Successfully reworking denied claims will improve your bottom line, but it's also essential to increase your clean claims rate (CCR) — the proportion of your claims that don't need edits before submission to payers.

A claims analytics solution will highlight the administrative errors that need editing before submission. Training your billing and coding team to double-check these errors will strengthen your CCR and reduce your risk of denial.

Decrease days in accounts receivable (AR)

Accounts receivable delays correlate directly with practice profitability. According to the Radiology Business Managers Association (RBMA), the likelihood of collecting a delinquent balance drops to 50% from 73% between 90 and 180 days in AR.

The RBMA has established 60 days in AR as the acceptable maximum, but that varies by practice type. For example, the American Academy of Family Physicians recommends that claims stay in AR for no more than 30 to 40 days.

Claims analytics helps to reduce days in AR by minimizing the number of issues in submitted claims. When claims are cleaner, they go through processing faster, and the practice receives payment sooner.

Save costs spent on appealing claims

According to the Healthcare Financial Management Association, reworked claims are four times as costly to process as an initial claim. These extra costs can bring the overall cost of denial reworking to 20% of your revenue cycle expenses.

Beckers Hospital Review has estimated that reworks cost a practice or health system $118 per claim.
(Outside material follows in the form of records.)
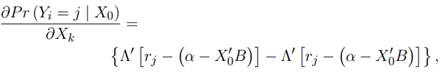 (11)en donde la expresión inmediatamente anterior refleja el cambio en la probabilidad de que suceda la alternativa j frente a una variación en Xk (Maddala, 1986).
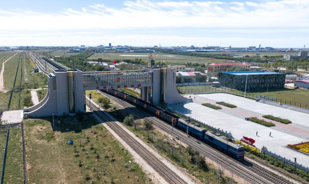 2024年9月11日,列车驶出内蒙古二连浩特铁路口岸(无人机照片)。二连浩特口岸是中国对蒙古国开放的最大陆路口岸,也是中欧班列“中通道”唯一进出境口岸。二连浩特铁路口岸出入境中欧班列运载货物种类丰富,涵盖轻纺产品、电子电器、机器配件、国产汽车、日用品等。
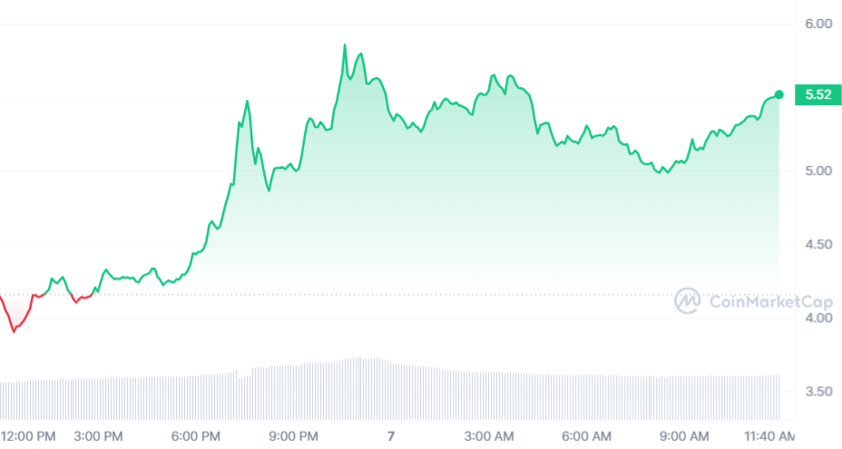 Le cours Helium (HNT) fait un peu moins bien que la veille, mais avec plus de 50 % à son actif hier, difficile de faire mieux aujourd’hui. Au final, le HNT a gagné 34,25 % sur ces nouvelles 24 heures et s’échange maintenant à 5,52 $. Avec presque 100 % en deux jours pour Helium, le bull market est définitivement lancé pour ce jeton.

If you fix just 10 problems before they happen, it adds up to $1,180 in savings. A hundred fixed issues save you $11,800.

Claims analytics lets you solve more of those problems faster. It highlights your most common errors so you can spend more time preventing them and less time correcting them later.

Improve productivity by reducing manual spreadsheet work

If you've been resisting claims analytics automation due to the up-front cost, consider how much you'd spend doing the same thing manually. Manual spreadsheet work requires hours of attention from team members who could spend that time on tasks that directly generate revenue.

Automation does the data collection, sorting, and processing for you. It presents valuable insights in visually digestible formats, allowing you to identify and act on issues quickly.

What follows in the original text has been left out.